**Required work**
Below are records; the lines starting at the one with "7月に入り、市教育委員会の前" and ending at the one with "- يقطع النقانق" must be reproduced exactly, both included. Pictures must not appear.

**The records**
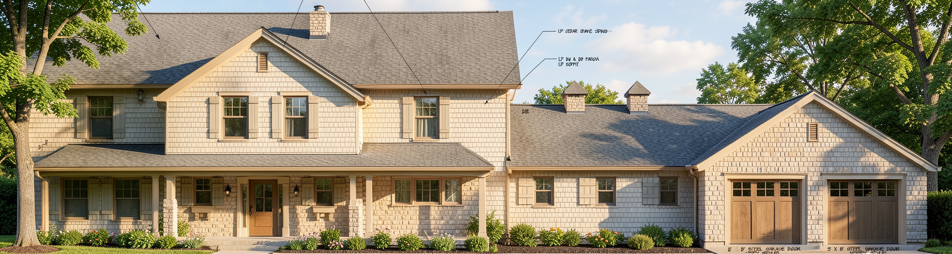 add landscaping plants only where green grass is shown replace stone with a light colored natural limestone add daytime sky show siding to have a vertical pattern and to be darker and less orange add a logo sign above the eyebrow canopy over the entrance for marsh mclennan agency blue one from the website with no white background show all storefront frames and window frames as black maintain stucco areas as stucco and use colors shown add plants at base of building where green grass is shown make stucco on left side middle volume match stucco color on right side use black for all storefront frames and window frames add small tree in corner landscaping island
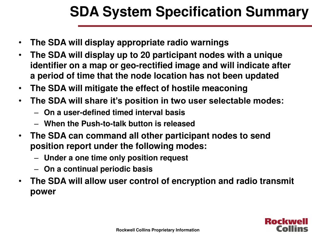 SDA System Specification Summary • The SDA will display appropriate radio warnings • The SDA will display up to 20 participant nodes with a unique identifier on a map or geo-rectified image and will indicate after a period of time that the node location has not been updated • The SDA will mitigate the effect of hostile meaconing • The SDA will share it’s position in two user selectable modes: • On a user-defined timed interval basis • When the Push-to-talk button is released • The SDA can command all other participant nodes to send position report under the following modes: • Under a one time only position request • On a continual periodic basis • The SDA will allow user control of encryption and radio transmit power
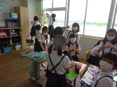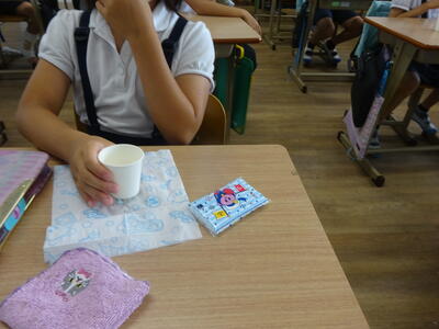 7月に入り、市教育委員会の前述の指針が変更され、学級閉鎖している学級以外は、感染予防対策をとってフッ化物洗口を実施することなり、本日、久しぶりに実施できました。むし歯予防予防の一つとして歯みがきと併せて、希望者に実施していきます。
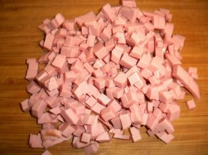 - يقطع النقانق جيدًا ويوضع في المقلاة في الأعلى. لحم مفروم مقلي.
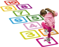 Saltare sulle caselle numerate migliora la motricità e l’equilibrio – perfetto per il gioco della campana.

**Worked solution**
 7月に入り、市教育委員会の前述の指針が変更され、学級閉鎖している学級以外は、感染予防対策をとってフッ化物洗口を実施することなり、本日、久しぶりに実施できました。むし歯予防予防の一つとして歯みがきと併せて、希望者に実施していきます。
 - يقطع النقانق جيدًا ويوضع في المقلاة في الأعلى. لحم مفروم مقلي.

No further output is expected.